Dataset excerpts
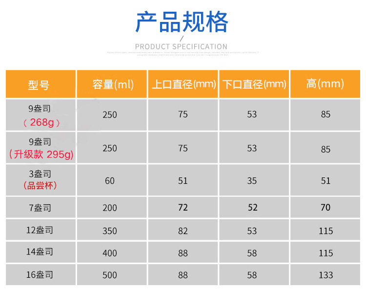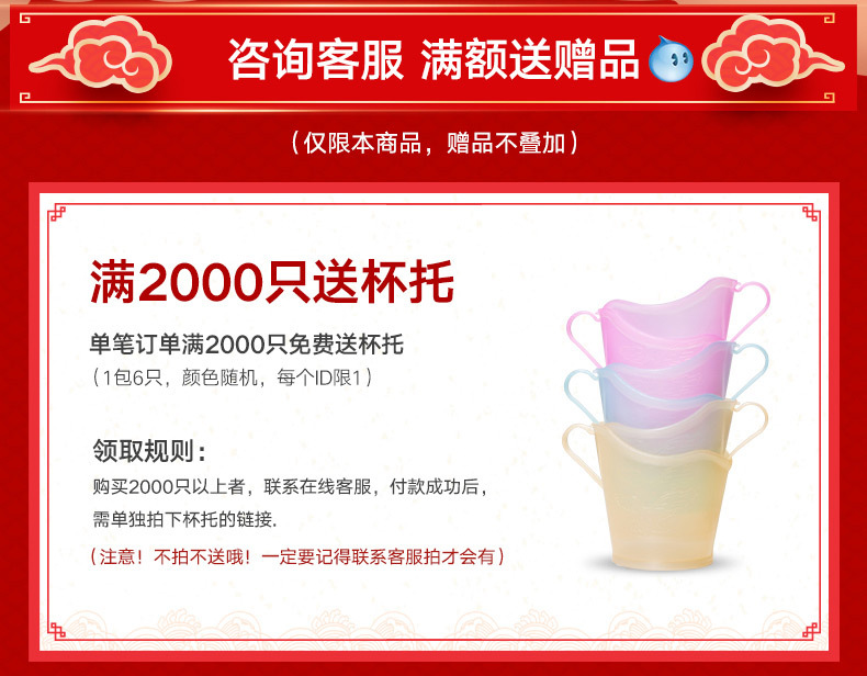型号 500个起订,1000个100元包邮,2000个190元包邮,5000个420元包邮,10000个810元包邮,【赠品】取杯器1只,,单拍不发货,联系客服满500元起送
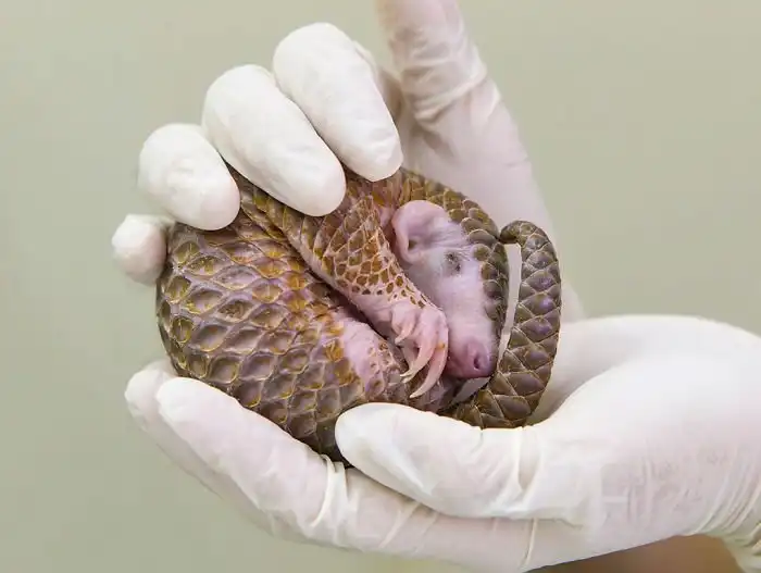 Знакомьтесь, этих милых зверушек называют панголинами и они являются единственными из нынеживущих млекопитающих, тело которых покрыто чешуей. Панголины появились около 80 миллионов лет назад, но сейчас все оставшиеся 8 видов занесены в Красную книгу Международного союза охраны природы и находятся под угрозой исчезновения. В случае опасности панголины сворачивают в клубок и выделяют неприятно пахнущий секрет, как скунсы.
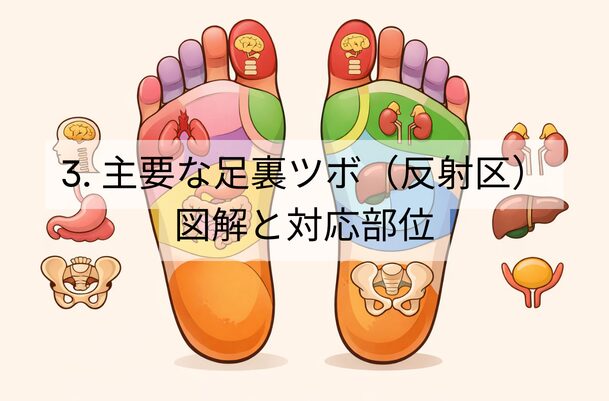 3. 主要な足裏ツボ(反射区)図解と対応部位
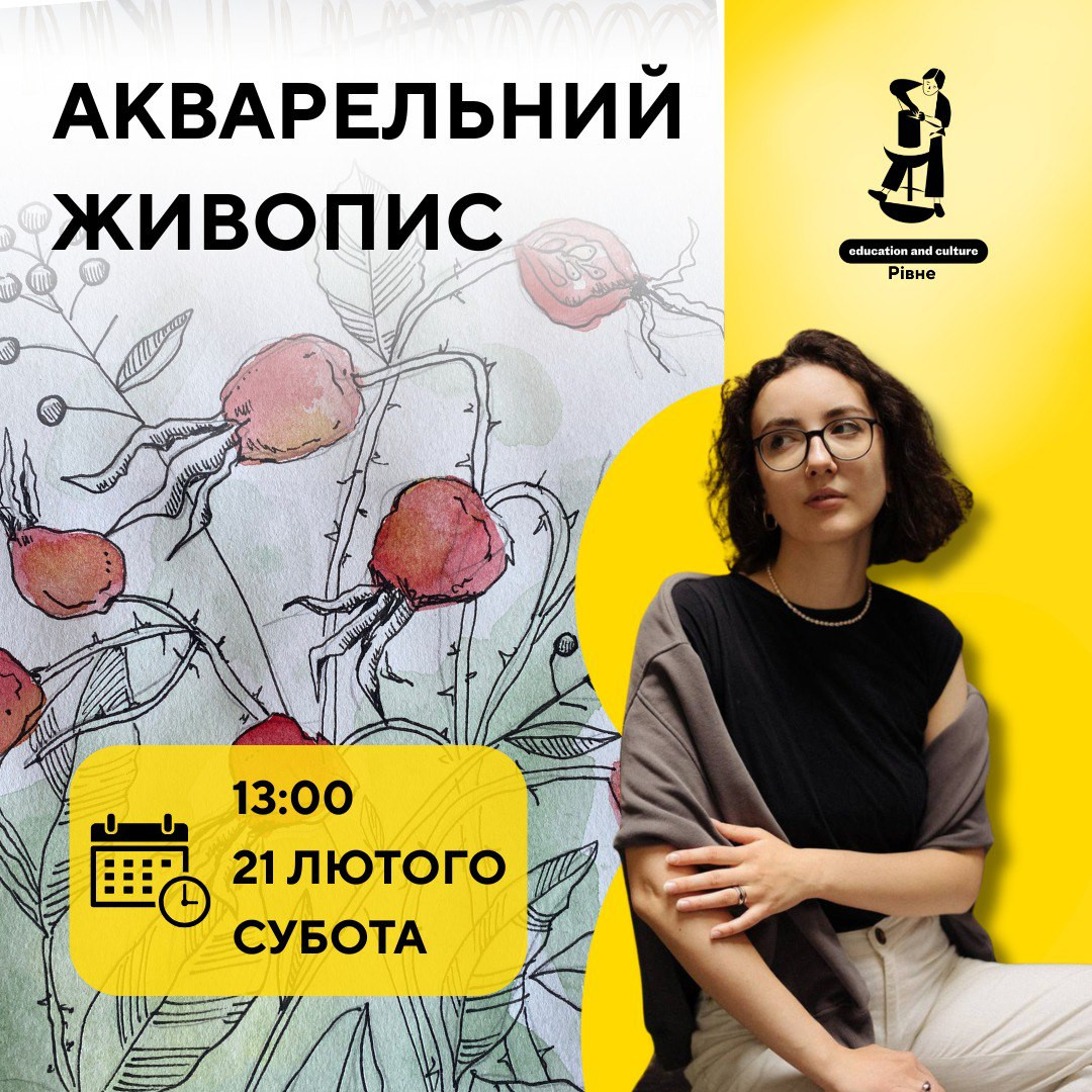 Запрошуємо дорослих на заняття з акварельного живопису з елементами графіки під менторством художниці Анастасії Мельник.
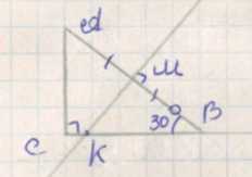 Серединный перпендикуляр к \( AB \) проходит через \( M \) и пересекает \( BC \) в точке \( K \). В треугольнике \( BKC \), угол \( B = 30^\circ \), а \( MK \) — медиана, проведённая из вершины \( K \) к стороне \( BC \). По свойству медианы в прямоугольном треугольнике, медиана, проведённая к стороне, равной половине гипотенузы, равна половине этой стороны. В данном случае, \( BK = BC \cdot \frac{2}{3} \), следовательно, \( MK = \frac{1}{2} BK = \frac{1}{2} \cdot BC \cdot \frac{2}{3} = BC \cdot \frac{1}{3} \).
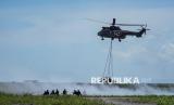 REPUBLIKA.CO.ID, LUMAJANG -- Helikopter NAS-332 Super Puma mengangkut kendaraan taktis P6-ATAV saat pelaksanaan Fire Power Demo dalam Latihan Angkasa Yudha 2024 di Lapangan Air Weapon Range (AWR) Pandanwangi, Lumajang, Jawa Timur, Selasa (3/12/2024).
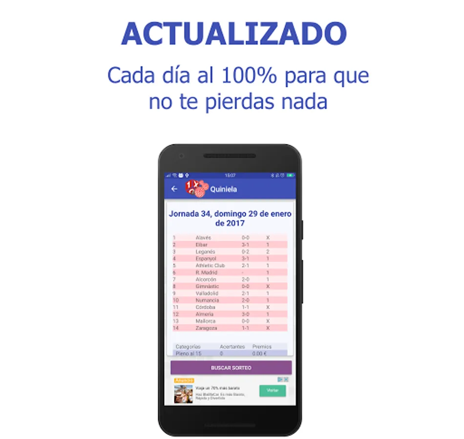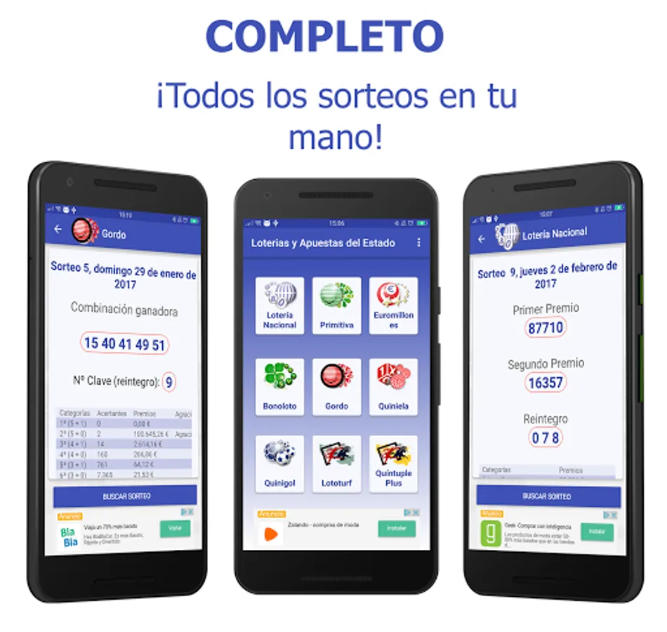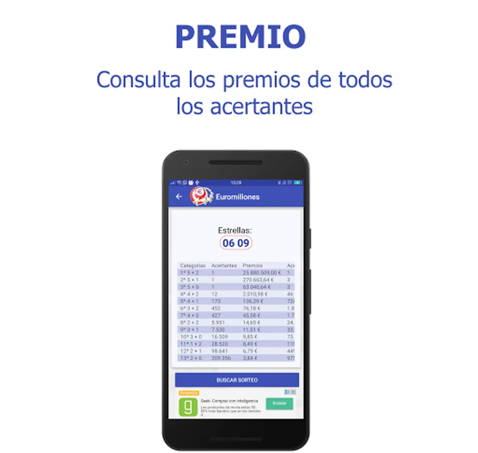 You can meet the draws, results, winning numbers, prizes tenth and much more just by opening the app! With a simple and intuitive design will be very easy to get numbers from the National Lottery, Primitiva, Euromillions, Bonoloto, Gordo, Predictor, Quinigol, Lototurf and Quintuple Plus!

## Problem description
Your answer should be every entry repeated exactly, minus the pictures.

## Solution for this task
型号 500个起订,1000个100元包邮,2000个190元包邮,5000个420元包邮,10000个810元包邮,【赠品】取杯器1只,,单拍不发货,联系客服满500元起送
 Знакомьтесь, этих милых зверушек называют панголинами и они являются единственными из нынеживущих млекопитающих, тело которых покрыто чешуей. Панголины появились около 80 миллионов лет назад, но сейчас все оставшиеся 8 видов занесены в Красную книгу Международного союза охраны природы и находятся под угрозой исчезновения. В случае опасности панголины сворачивают в клубок и выделяют неприятно пахнущий секрет, как скунсы.
 3. 主要な足裏ツボ(反射区)図解と対応部位
 Запрошуємо дорослих на заняття з акварельного живопису з елементами графіки під менторством художниці Анастасії Мельник.
 Серединный перпендикуляр к \( AB \) проходит через \( M \) и пересекает \( BC \) в точке \( K \). В треугольнике \( BKC \), угол \( B = 30^\circ \), а \( MK \) — медиана, проведённая из вершины \( K \) к стороне \( BC \). По свойству медианы в прямоугольном треугольнике, медиана, проведённая к стороне, равной половине гипотенузы, равна половине этой стороны. В данном случае, \( BK = BC \cdot \frac{2}{3} \), следовательно, \( MK = \frac{1}{2} BK = \frac{1}{2} \cdot BC \cdot \frac{2}{3} = BC \cdot \frac{1}{3} \).
 REPUBLIKA.CO.ID, LUMAJANG -- Helikopter NAS-332 Super Puma mengangkut kendaraan taktis P6-ATAV saat pelaksanaan Fire Power Demo dalam Latihan Angkasa Yudha 2024 di Lapangan Air Weapon Range (AWR) Pandanwangi, Lumajang, Jawa Timur, Selasa (3/12/2024).
 You can meet the draws, results, winning numbers, prizes tenth and much more just by opening the app! With a simple and intuitive design will be very easy to get numbers from the National Lottery, Primitiva, Euromillions, Bonoloto, Gordo, Predictor, Quinigol, Lototurf and Quintuple Plus!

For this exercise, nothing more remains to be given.